-- DATASET EXCERPT follows --

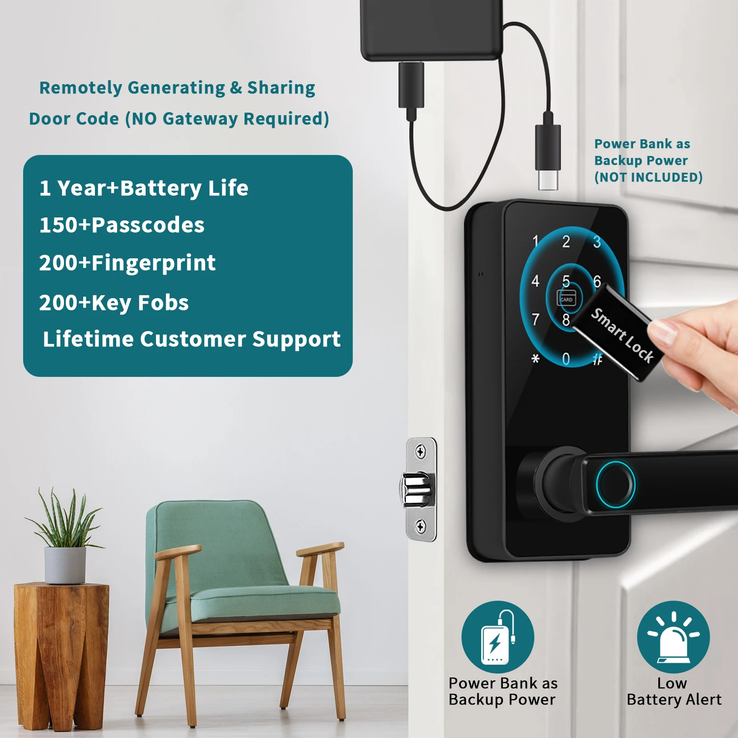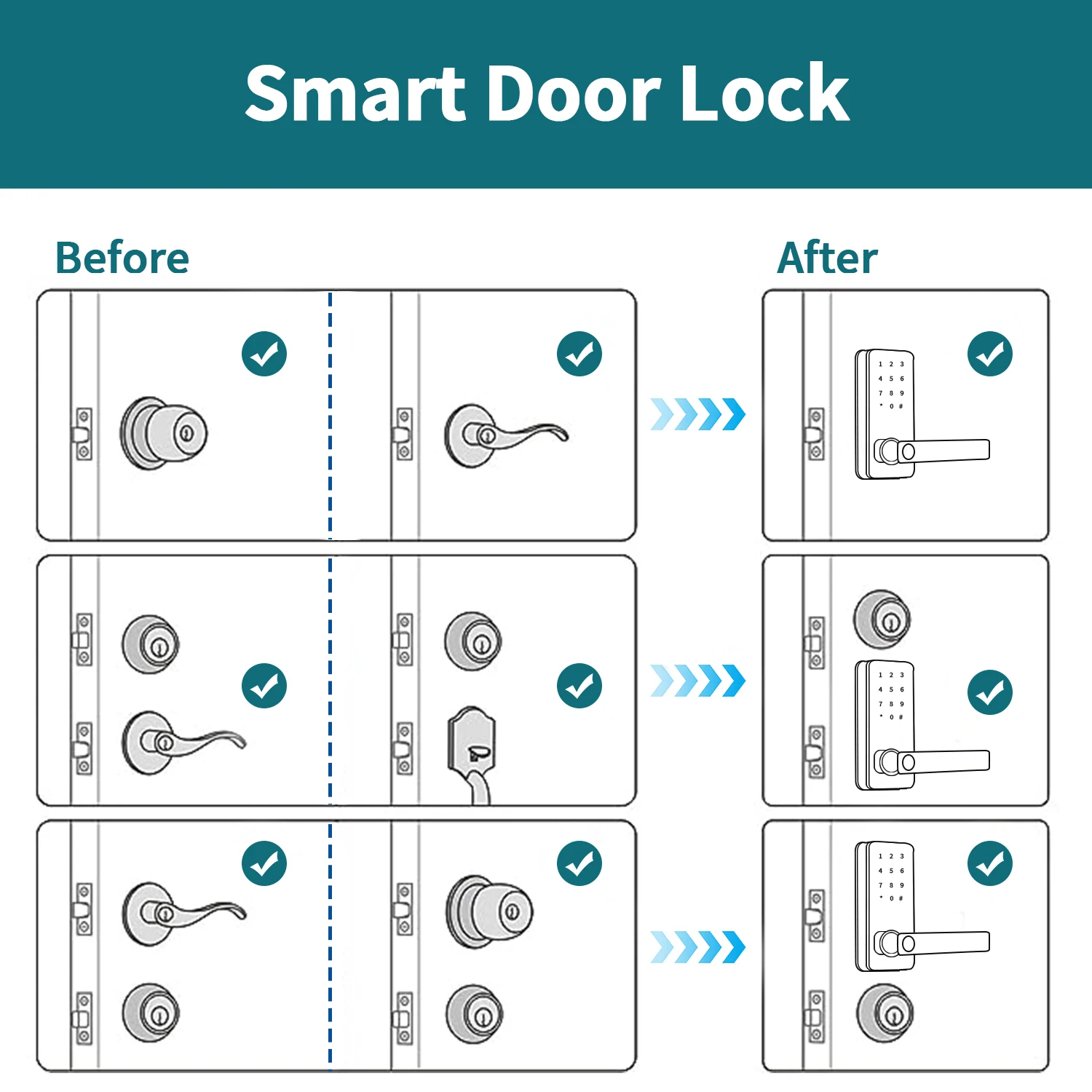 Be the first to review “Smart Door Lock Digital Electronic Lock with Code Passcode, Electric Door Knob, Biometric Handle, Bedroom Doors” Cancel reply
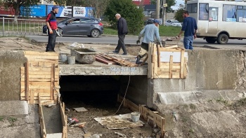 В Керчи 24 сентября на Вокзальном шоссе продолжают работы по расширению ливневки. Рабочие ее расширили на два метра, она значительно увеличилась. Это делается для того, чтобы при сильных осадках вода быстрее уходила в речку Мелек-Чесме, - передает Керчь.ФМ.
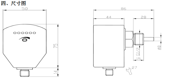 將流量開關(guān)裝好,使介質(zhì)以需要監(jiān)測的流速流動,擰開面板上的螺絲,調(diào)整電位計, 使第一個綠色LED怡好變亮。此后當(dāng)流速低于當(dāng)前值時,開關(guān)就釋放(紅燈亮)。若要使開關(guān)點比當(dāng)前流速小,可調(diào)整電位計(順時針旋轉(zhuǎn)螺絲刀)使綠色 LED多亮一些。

-- DATASET EXCERPT concluded --

YOUR GOAL ::
From the material above, reproduce everything verbatim except the pictures.

SOLUTION TO THIS TASK ::
 Be the first to review “Smart Door Lock Digital Electronic Lock with Code Passcode, Electric Door Knob, Biometric Handle, Bedroom Doors” Cancel reply
 В Керчи 24 сентября на Вокзальном шоссе продолжают работы по расширению ливневки. Рабочие ее расширили на два метра, она значительно увеличилась. Это делается для того, чтобы при сильных осадках вода быстрее уходила в речку Мелек-Чесме, - передает Керчь.ФМ.
 將流量開關(guān)裝好,使介質(zhì)以需要監(jiān)測的流速流動,擰開面板上的螺絲,調(diào)整電位計, 使第一個綠色LED怡好變亮。此后當(dāng)流速低于當(dāng)前值時,開關(guān)就釋放(紅燈亮)。若要使開關(guān)點比當(dāng)前流速小,可調(diào)整電位計(順時針旋轉(zhuǎn)螺絲刀)使綠色 LED多亮一些。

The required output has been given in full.